Restate all of the following data exactly, keeping any images out of the copy.

--- Data segment Enclosed Below ---

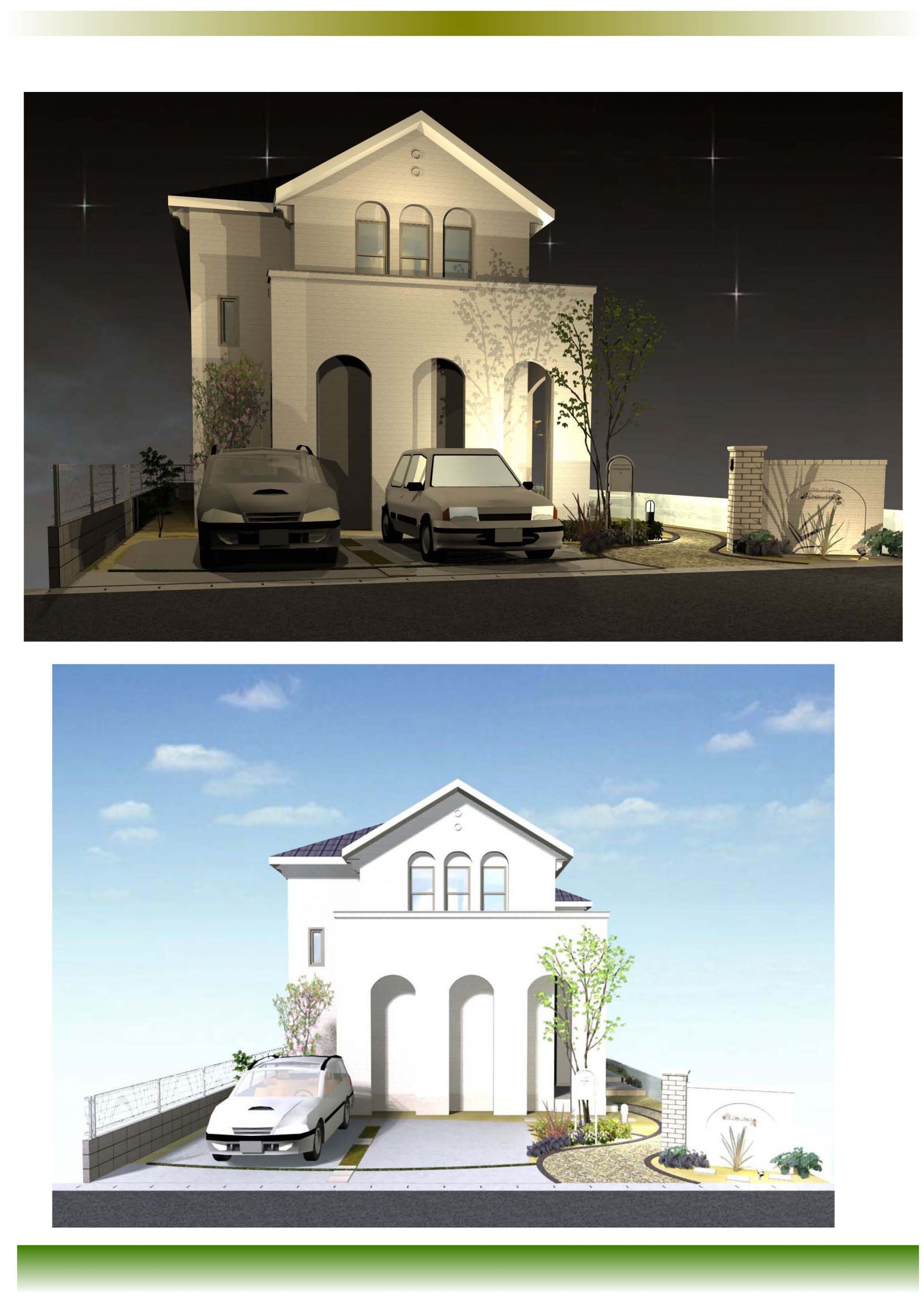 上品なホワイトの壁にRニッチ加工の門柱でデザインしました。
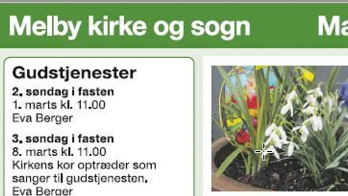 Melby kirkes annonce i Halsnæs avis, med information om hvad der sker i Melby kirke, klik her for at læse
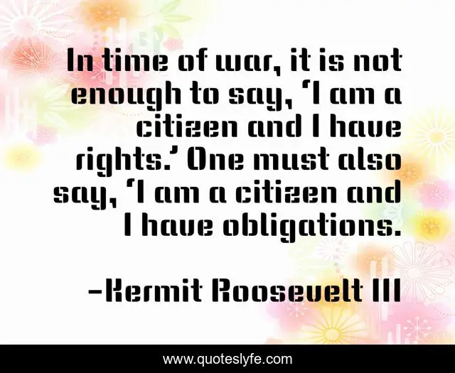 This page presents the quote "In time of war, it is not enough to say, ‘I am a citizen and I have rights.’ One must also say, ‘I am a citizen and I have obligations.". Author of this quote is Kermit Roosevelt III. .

--- End of Enclosed Data segment ---

### Solution
 上品なホワイトの壁にRニッチ加工の門柱でデザインしました。
 Melby kirkes annonce i Halsnæs avis, med information om hvad der sker i Melby kirke, klik her for at læse
 This page presents the quote "In time of war, it is not enough to say, ‘I am a citizen and I have rights.’ One must also say, ‘I am a citizen and I have obligations.". Author of this quote is Kermit Roosevelt III. .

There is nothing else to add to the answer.